Quand on arrive ici... on sait bien pourquoi
Il est arrivé ce matin, sans sa femme. Epuisé, il ne cesse de dormir et confie son extrême fatigue aux équipes soignantes. Derrière ces mots, ils entendent son inquiétude, et réfléchissent à sa prise en charge pendant la réunion de transmission. Besoin de présence, ou d'anxiolytique ? Ils me suggèrent de le rencontrer.
- Je pense que ça le rassurera de savoir qu'il y a du monde qui passe.

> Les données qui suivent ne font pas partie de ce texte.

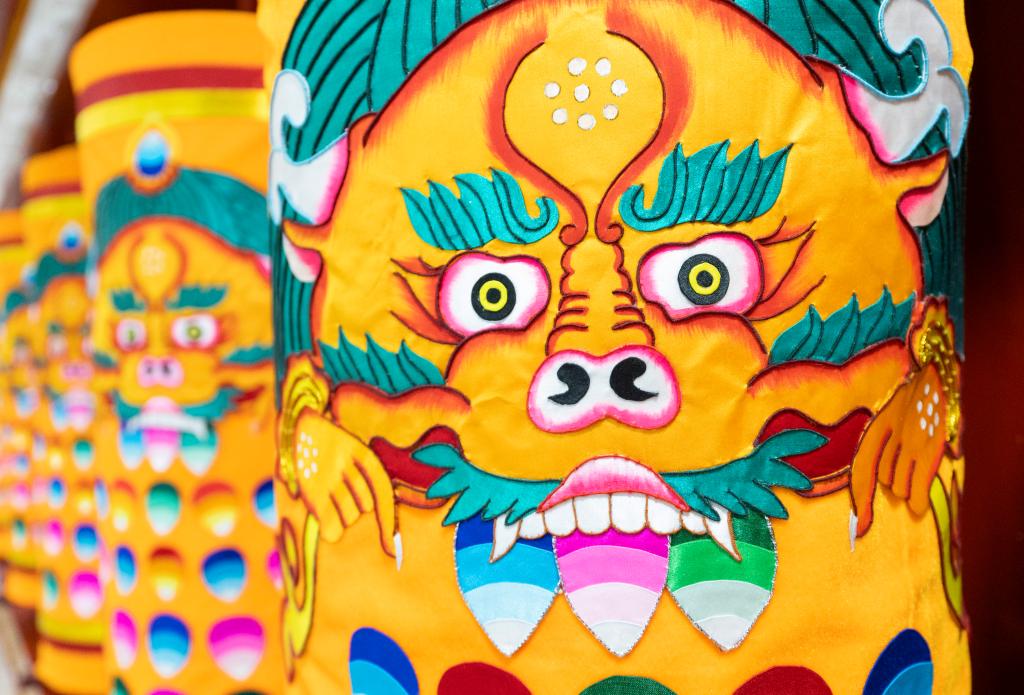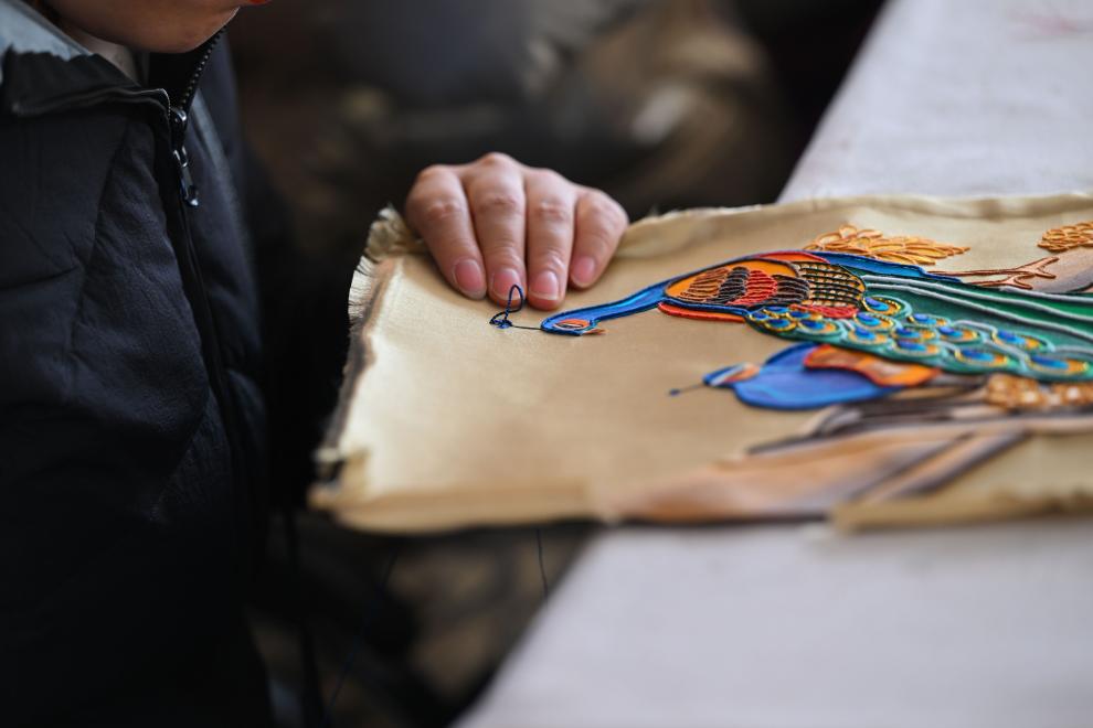 马鬃绕线、堆绣、上色……经过多道工序,一幅色彩丰富、立体感强的蒙古族唐卡作品才能制作完成。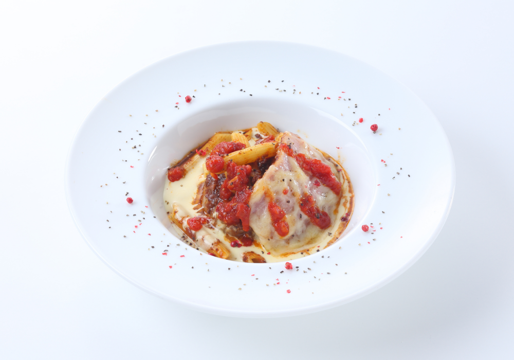 チキンのロティとペンネリガーテのクリームグラタン トリュフの香り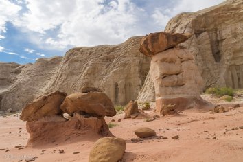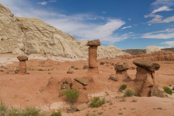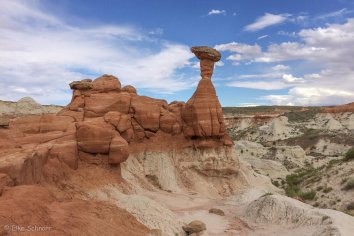 Als wir auf der Rückfahrt nach Page am Parkplatz zu den Toadstool Hoodoos vorbeikommen, ist es 15:30 Uhr und wir beschließen, dass die Felssäulen mit den markanten Kappen heute noch gut ins Programm passen.

Je vais à la rencontre de cet homme si fatigué, au regard profond, mais perdu. Les draps remontés jusqu'au menton, tout son corps disparait sous deux couvertures et une robe de chambre étallée sur le lit. Ma proposition de fleurs est accueillie d’un sourire – ça réchauffera la chambre- me dit-il l’air frigorifié.
Je pars chercher un bouquet et reviens dans la chambre.
La femme de monsieur F. vient d'arrivée, et installée sur un fauteuil dos à la fenêtre, elle regarde son mari avec inquiétude. Il a les yeux ouverts mais semble trop fatigué pour dire autre chose qu'un merci à mon retour. Mon bouquet de fleurs à la main, je les écoute me raconter cette arrivée dans ce lieu si particulier. Ou plutôt j'écoute madame.
- il était à la maison. Ca fait longtemps qu'il est malade.
Elle marque un temps d’arrêt et ajoute :
- Quand on arrive ici on sait bien ce que ça veut dire.
Son mari la regarde sans rien dire.
Elle enchaine :
- Nous avons beaucoup d'amis que nous sommes venus voir ici.
Elle me les nomme - une litanie de noms qui me semble bien longue – peut-être les connaissez-vous ?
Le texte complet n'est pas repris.